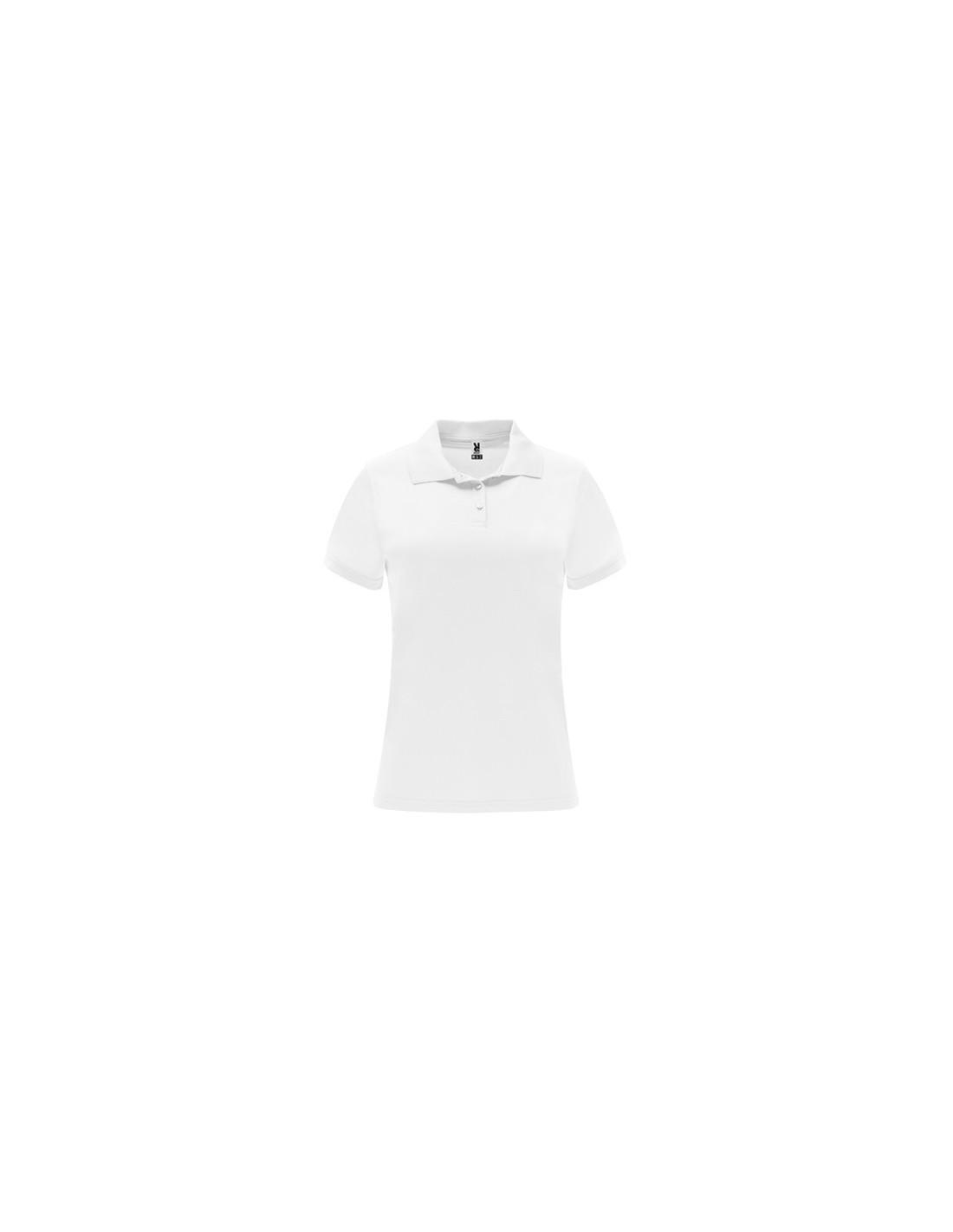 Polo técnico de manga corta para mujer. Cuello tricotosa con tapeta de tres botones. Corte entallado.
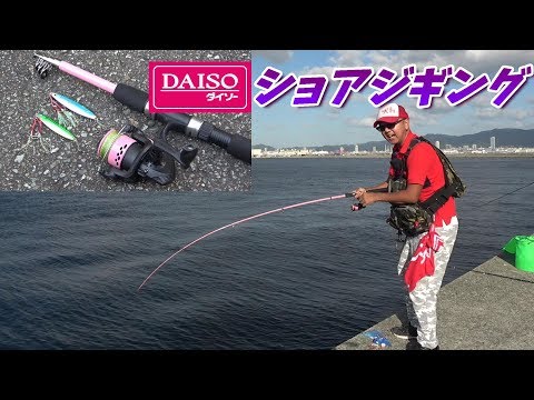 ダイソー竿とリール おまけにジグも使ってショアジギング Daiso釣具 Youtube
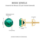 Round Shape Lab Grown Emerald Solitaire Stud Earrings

__What to produce__.
Set the listing down exactly, without its pictures.

__Answer space__.
 Polo técnico de manga corta para mujer. Cuello tricotosa con tapeta de tres botones. Corte entallado.
 ダイソー竿とリール おまけにジグも使ってショアジギング Daiso釣具 Youtube
 Round Shape Lab Grown Emerald Solitaire Stud Earrings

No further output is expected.